Managing Eyewear slippage using friction
Friction is the primary force that keeps your eyewear from slipping down under gravitational pull. Therefore, your eyewear will start to slide down when friction is unable to keep it in place.In engineering, friction is the force from the applied force and the friction coefficient (µ) between the two materials in contact.
The equation takes the form,F = Fn x µ,
where Fn is the force applied normal (90 degrees) to the contact surface
There are three contact surfaces where friction acts to prevent your eyewear from slipping down. These contact surfaces are,
- Contact between bottom of the eyewear temple and top of the ears, F1
- Contact between the side of the eyewear temple and side of your head, F2
- Contact between nose-pads and your nose, F3
The normal force for F1 comes from the weight of the eyewear temple.

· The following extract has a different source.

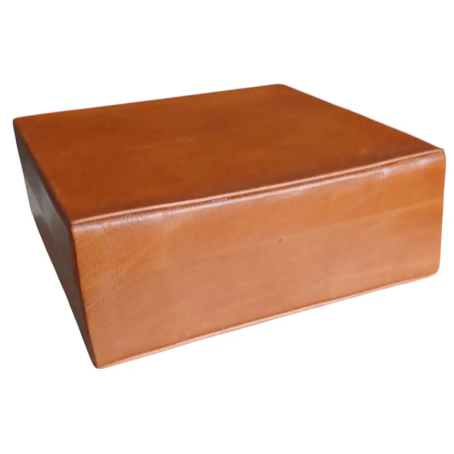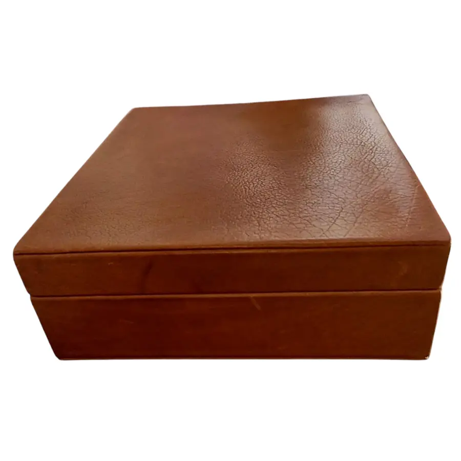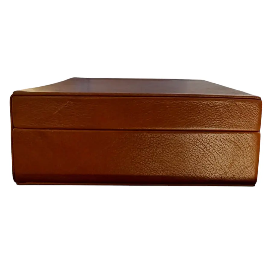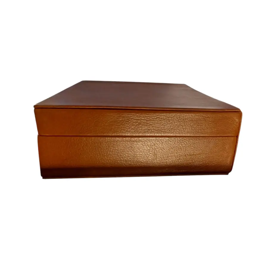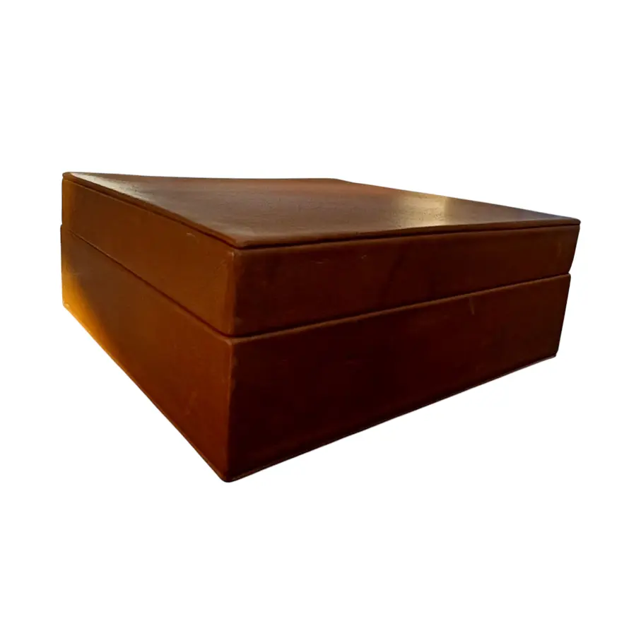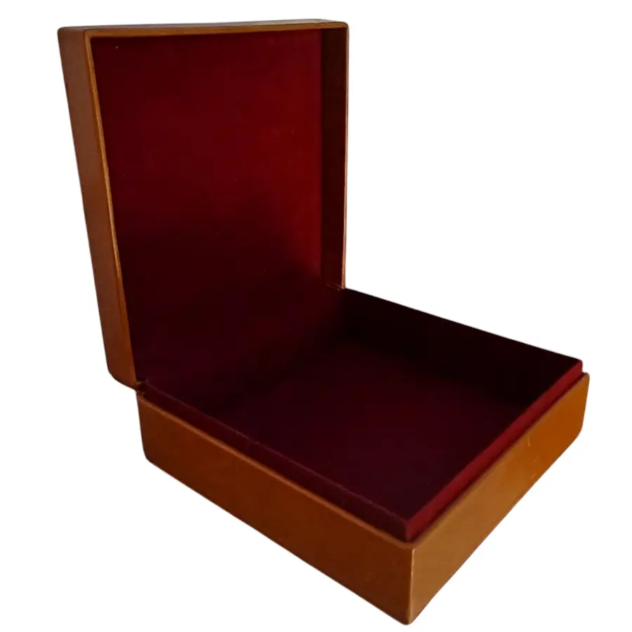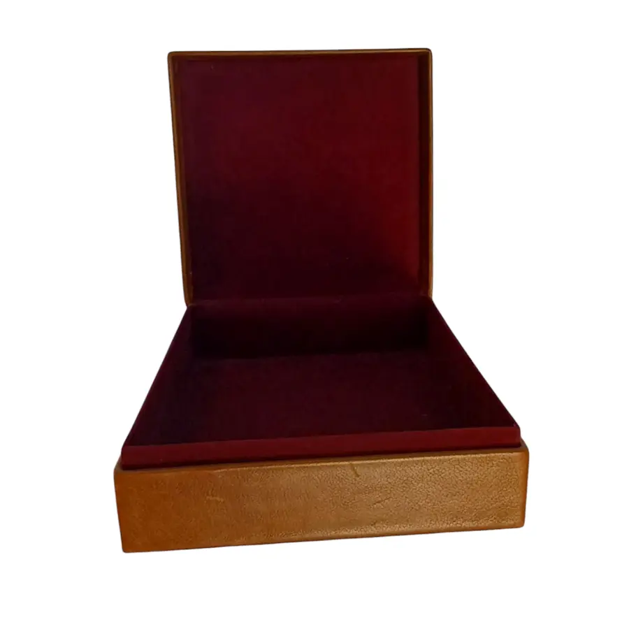 Boîte en cuir camel, confectionnée à la main avec un cuir souple et parfumé. Intérieur en daim bordeaux pour protéger vos trésors. Parfaite comme boîte à bijoux ou à souvenirs.

µ is the friction coefficient between the two materials in contact.
For eyewear temple of the same weight, a higher µ will give rise to more friction.
Generally, µ between silicone and skin is greater than µ between most hard plastics and skin.

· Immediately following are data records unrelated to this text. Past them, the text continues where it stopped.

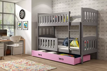 Łóżko młodzieżowe piętrowe KUBUŚ 90X200 z szufladą, białe/różowe
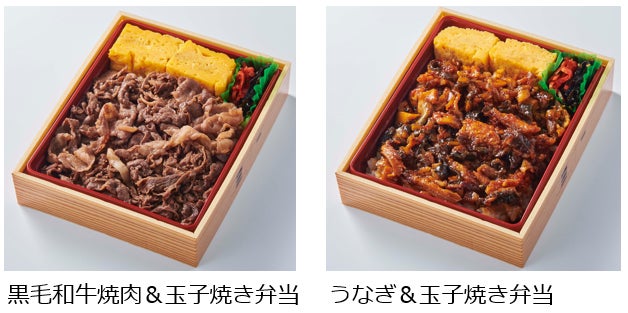 「築地 牛武」では、バラ、ランプ、肩の食感が楽しめる厳選されたA5ランクの国産黒毛和牛焼肉と、出汁からこだわった玉子焼きを楽しめる「黒毛和牛焼肉&玉子焼き弁当」1,900円(税込)、秘伝のタレをたっぷりかけたうなぎとこだわりの玉子焼きの「うなぎ&玉子焼き弁当」1,620円(税込)などをお好みでご賞味いただけるよう取り揃えました。
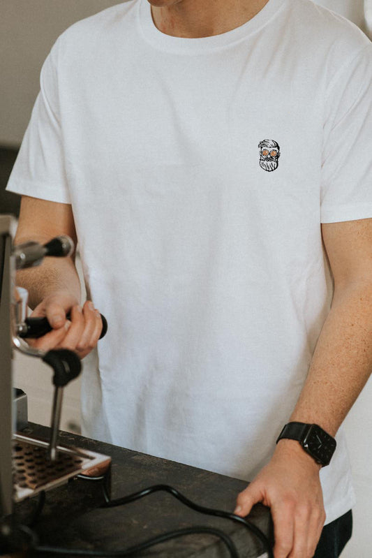 Kaffee Hipster | Besticktes Organic Bio Baumwoll Männer T-Shirt

The video below gives a demonstration of higher µ leads to less eyewear slippage.
Greater friction between nosepad and nose, F3, will also help to prevent eyewear slippage. However, this is only effective when the eyewear is horizontal to the ground. As the head is tilted down, friction between nosepad and nose, no matter how great it is initially, will reduce to zero when the face is looking vertically down. In most cases, the eyewear falls off from the face before it is vertically down as shown in the video below.
Unlike friction from between the nosepad and nose, friction from the temple will not be reduced to zero either when the face is looking horizontally or vertically. Therefore, with sufficient friction at the temple, the eyewear will stay in place even when the face is looking vertically down. However, friction from the temple is less effective than the nosepad in preventing minor slipping in the horizontal facing direction. Therefore, the ideal eyewear would have high friction both at the nosepad and the temple. This will prevent slipping in all cases. See video of the experiment below.
Friction coefficient is the properties between two material surfaces. The friction on anti-slip mat and test objects surfaces may be different from that of the same material on the skin.